The @Envapt decorator can be used on both static and instance class properties:

  • Static properties: Can use for global configuration that's shared across your entire application (e.g., app port, global features, environment settings)
  • Instance properties: Can use for service-specific configuration that may vary per service or when you want the configuration tied to a specific class instance (e.g., database connections, service endpoints, per-service settings)

Important: Instance properties must be declared with declare keyword or ! assertion since they're populated by the decorator rather than set in a constructor.

Modern Syntax (Recommended)

@Envapt('ENV_VAR', { fallback?: T, converter?: EnvConverter<T> })

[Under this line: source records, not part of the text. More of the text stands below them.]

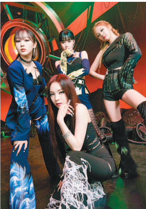
걸그룹 에스파가 최근 발표한 첫 번째 미니음반 '새비지'로 '3연속 히트'에 성공했다.

최근 발표한 '새비지'로 3연속 히트 각종 음원차트 일간·주간 1위 차지 독특한 '아바타 세계관' 인기 한 몫 내일 美 NBC 켈리 클락슨 쇼 출연
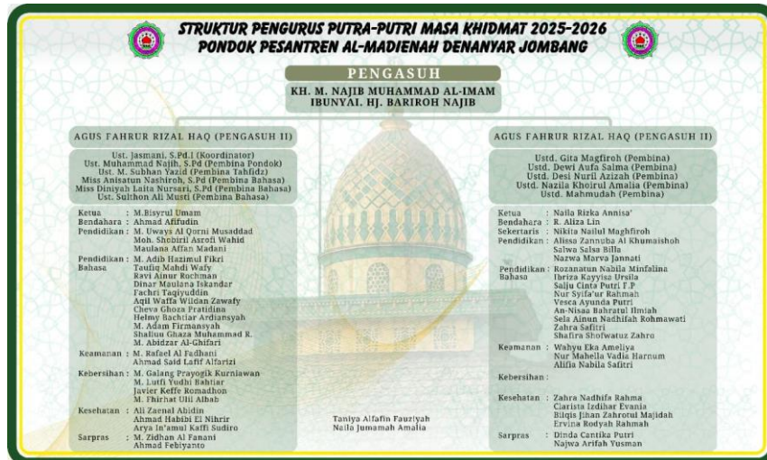
Struktur Pengurus Pesantren Al-Madienah Aliyah Putra dan Putri
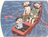
2. სამიღენი ნავში ჩასბდენ და გასცურეს.
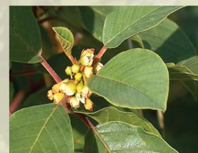
Faulbaum Frangula alnus ↑ 1,5 - 3m (-7) m, ☀ V-VIII weiß, 🍒 †, 🐝
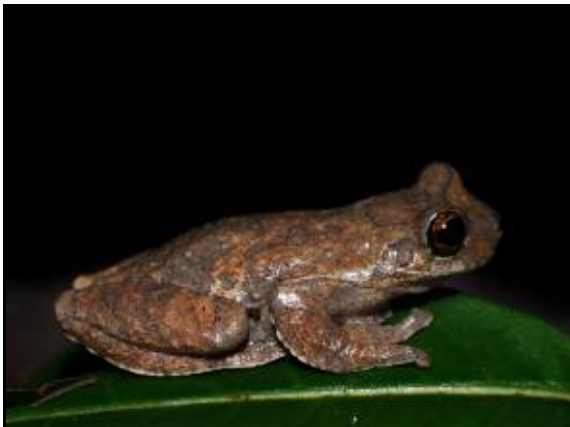
Foto 83 - Dendropsophus soaresi
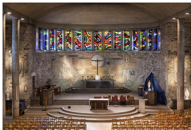
Vue du chœur aménagé après la réforme liturgique de Vatican II.
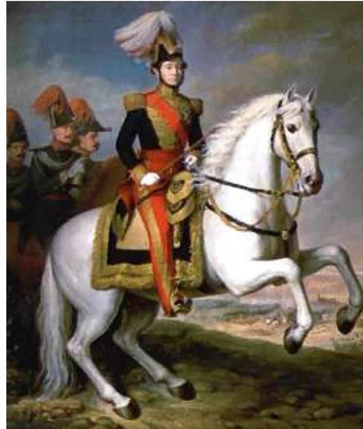
El general Prim.
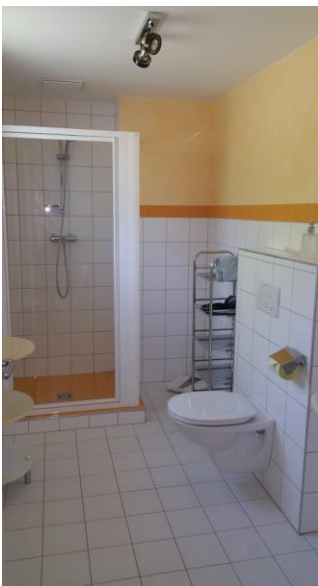
2.Badezimmer mit Schlafzimmer
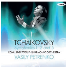
ONYX 4150 Tchaikovsky Symphonies 1, 2 and 5 Royal Liverpool Philharmonic Orchestra, Vasily Petrenko
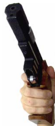
Finger haben zu viel Luft und greifen zu weit um den Griff
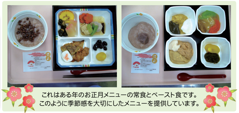
これはある年のお正月メニューの常食とペースト食です。このように季節感を大切にメニューを提供しています。
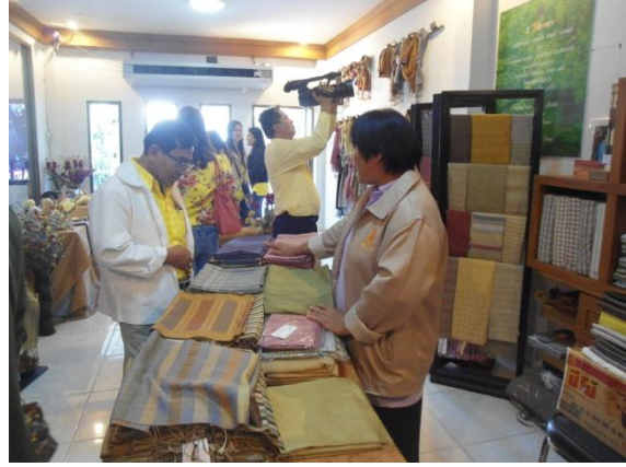
ชมสาธิตการทอผ้าด้วยกี่กระตุก และนิทรรศการการย้อมเส้นไหมด้วยสีธรรมชาติ ภายในอาคารนิทรรศการหยาตป่า พร้อมทั้งเลือกซื้อผลิตภัณฑ์ผ้าไหม

[!NOTE] The first argument can be a string or an ordered array of strings: @Envapt(['PRIMARY_URL', 'SECONDARY_URL'], { fallback: 'https://example.com' }). Envapt will resolve the first key that exists.

[!TIP] Generic Typing for Better IntelliSense

You can specify explicit types using generics for better type safety and IntelliSense:

// Explicit typing provides better IntelliSense for complex types
@Envapt<DatabaseConfig>('DB_CONFIG', {
  fallback: { host: 'localhost', port: 5432, ssl: false },
  converter: Converters.Json
})
static readonly dbConfig: DatabaseConfig;

Classic Syntax

@Envapt('ENV_VAR', fallback?, converter?)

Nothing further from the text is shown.